§ Try it
Copy out all of the lines below exactly; the pictures do not belong in the copy.

§ Material provided
_ _ _ _ _

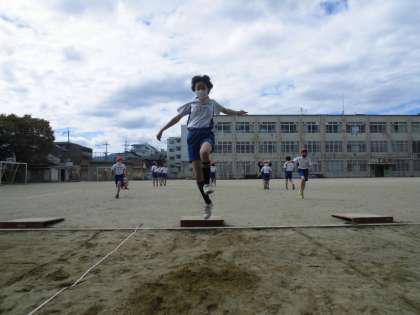 運動会も終わり,5年生の体育では,「走り幅跳び」の単元を学習しています。
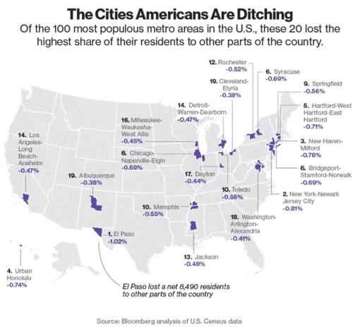 These Are the Top 20 Cities Americans Are DitchingSome of these cities are just Rust Belt cities in long-term decline, but the others are more interesting:Soaring costs of living meant residents left New York City and its suburbs in droves by Erin Roman Wei Lu July 22, 2015 — 3:00 AM PDT
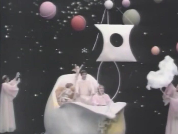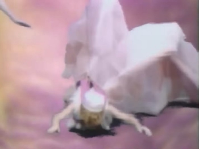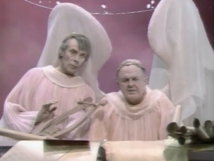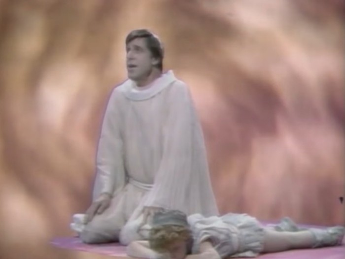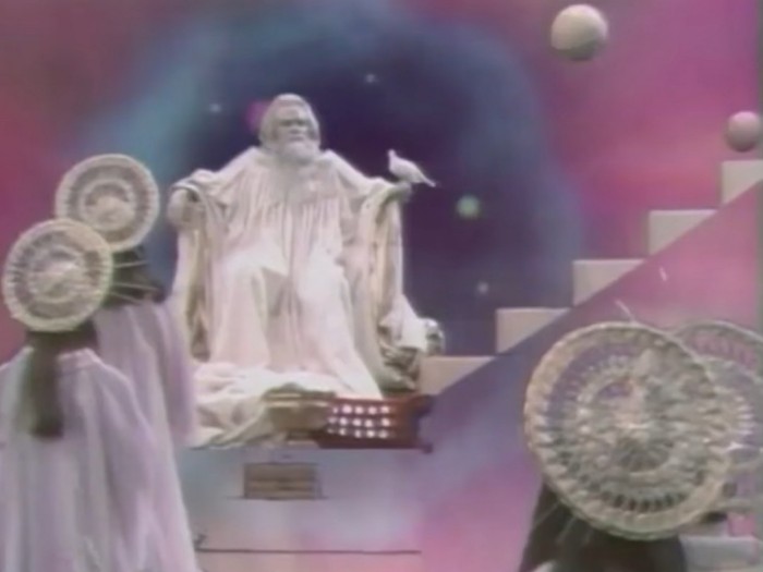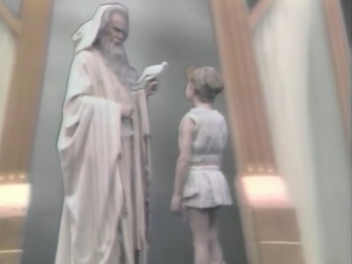 Michael walks through the gates and God disappears, leaving him alone to explore the rarefied realms of Judeo-Christian Heaven, represented here by sycophantic Angels in white robes, feathery wings and wicker halos, and some wildly heavy-handed over-use of cheesy chroma-key video effects.

_ _ _ _ _

§ Answer for the task
 運動会も終わり,5年生の体育では,「走り幅跳び」の単元を学習しています。
 These Are the Top 20 Cities Americans Are DitchingSome of these cities are just Rust Belt cities in long-term decline, but the others are more interesting:Soaring costs of living meant residents left New York City and its suburbs in droves by Erin Roman Wei Lu July 22, 2015 — 3:00 AM PDT
 Michael walks through the gates and God disappears, leaving him alone to explore the rarefied realms of Judeo-Christian Heaven, represented here by sycophantic Angels in white robes, feathery wings and wicker halos, and some wildly heavy-handed over-use of cheesy chroma-key video effects.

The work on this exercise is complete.